Running benchmark command:  poetry run python ../stationbench/calculate_metrics.py --forecast_loc data/forecast.zarr --ground_truth_loc gs://jua-benchmarking/ground_truth/synoptic/synoptic-2023-1h-v3.zarr --start_date 2023-03-18 --end_date 2023-07-31 --output data/tutorial_benchmark.zarr --region europe --name_10m_wind_speed wind_speed --name_2m_temperature temperature


2025-01-13 17:13:36,760 - root - INFO - Dask dashboard http://127.0.0.1:8787/status
2025-01-13 17:13:36,760 - __main__ - INFO - preprocessing dataset data/forecast.zarr
2025-01-13 17:13:36,968 - __main__ - INFO - creating valid time...
2025-01-13 17:13:36,970 - __main__ - INFO - Selecting region: https://linestrings.com/bbox/#-15,36,45,72
2025-01-13 17:13:36,971 - __main__ - INFO - Finished processing of data/forecast.zarr: <xarray.Dataset> Size: 479MB
Dimensions:         (latitude: 74, longitude: 124, lead_time: 24, init_time: 136)
Coordinates:
  * latitude        (latitude) float64 592B 36.0 36.49 36.99 ... 71.51 72.0
  * longitude       (longitude) float64 992B -15.0 -14.51 -14.02 ... 44.51 45.0
  * lead_time       (lead_time) timedelta64[ns] 192B 00:00:00 ... 23:00:00
  * init_time       (init_time) datetime64[ns] 1kB 2023-03-18 ... 2023-07-31
    valid_time      (init_time, lead_time) datetime64[ns] 26kB 2023-03-18 ......
Data variables:
    2m_temperature  (init_time, lead_time, 

256

## 3. Compare Multiple Forecasts

Let's compare our forecast against reference forecasts and visualize the results using Weights & Biases.

In [None]:
# Initialize W&B
wandb.init(project="stationbench-tutorial", name="example-comparison")

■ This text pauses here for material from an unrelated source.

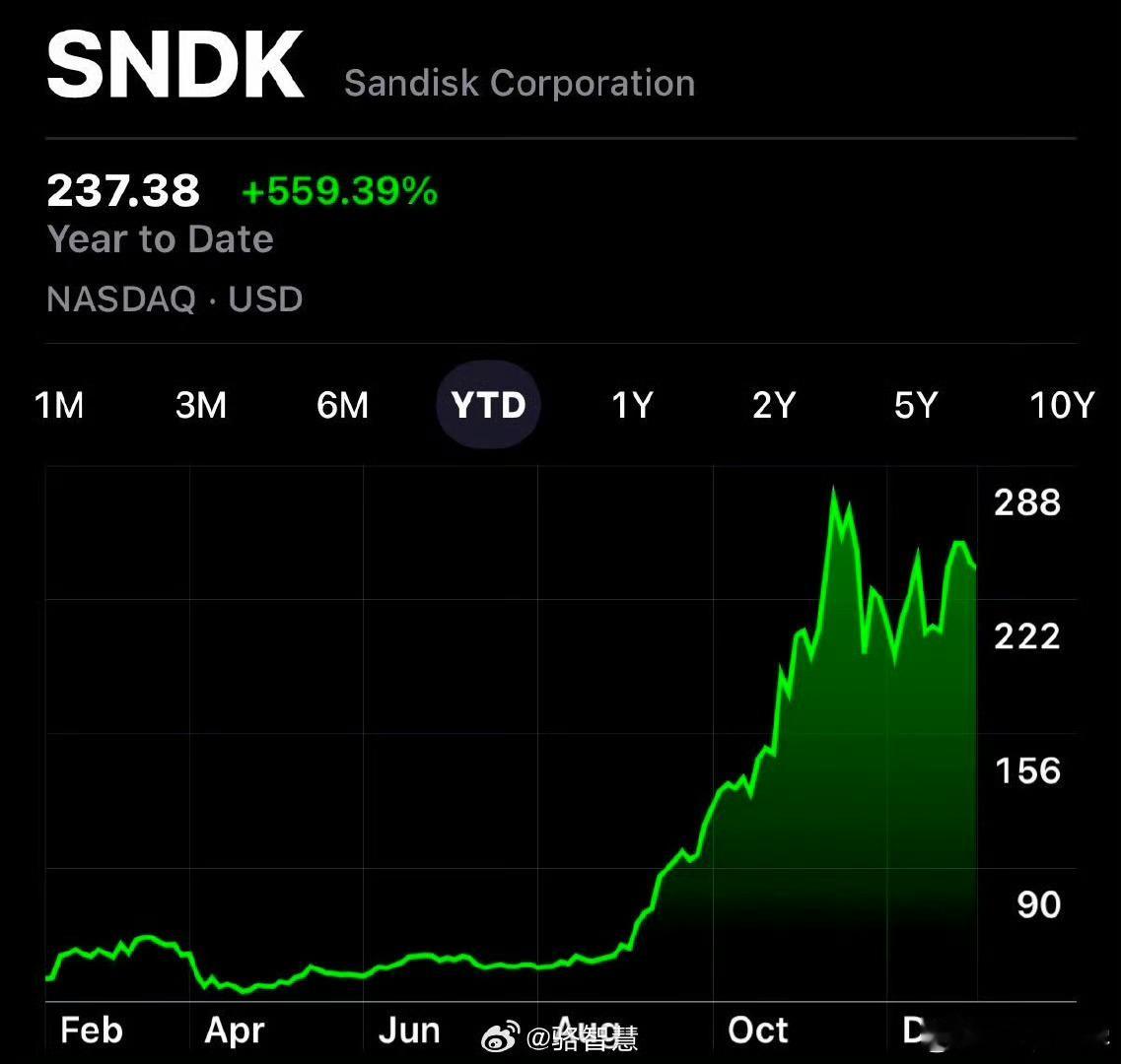 闪迪股价飙涨559% AI的竞争最终就是算力和存储的比拼,中美两国的人工智能企业都在疯狂囤芯片,目前全球明显是供不应求了。现在不只是闪存,CPU、存储等公司都是最大的潜力股。

# Define reference forecasts
reference_forecasts = {
    "reference_model": "data/reference_benchmarks.zarr"
}

# Regions to analyze
regions = ["europe", "north_america"]

# Generate comparison metrics and plots
benchmarking = PointBasedBenchmarking(wandb_run=wandb.run)
metrics = benchmarking.generate_metrics(
    evaluation_benchmarks=benchmarks,
    reference_benchmark_locs=reference_forecasts,
    region_names=regions
)

# Log metrics to W&B
wandb.log(metrics)

## Understanding the Results

The comparison generates several visualizations:

1. **Geographical scatter plots**:
   - RMSE values at each station location
   - Skill scores comparing against reference forecasts

2. **Time series plots**:
   - RMSE evolution over forecast lead time
   - Skill score evolution over forecast lead time

These plots are automatically uploaded to your W&B project where you can:
- Compare different model versions
- Track performance improvements
- Share results with your team

Visit your W&B project page to explore the interactive visualizations!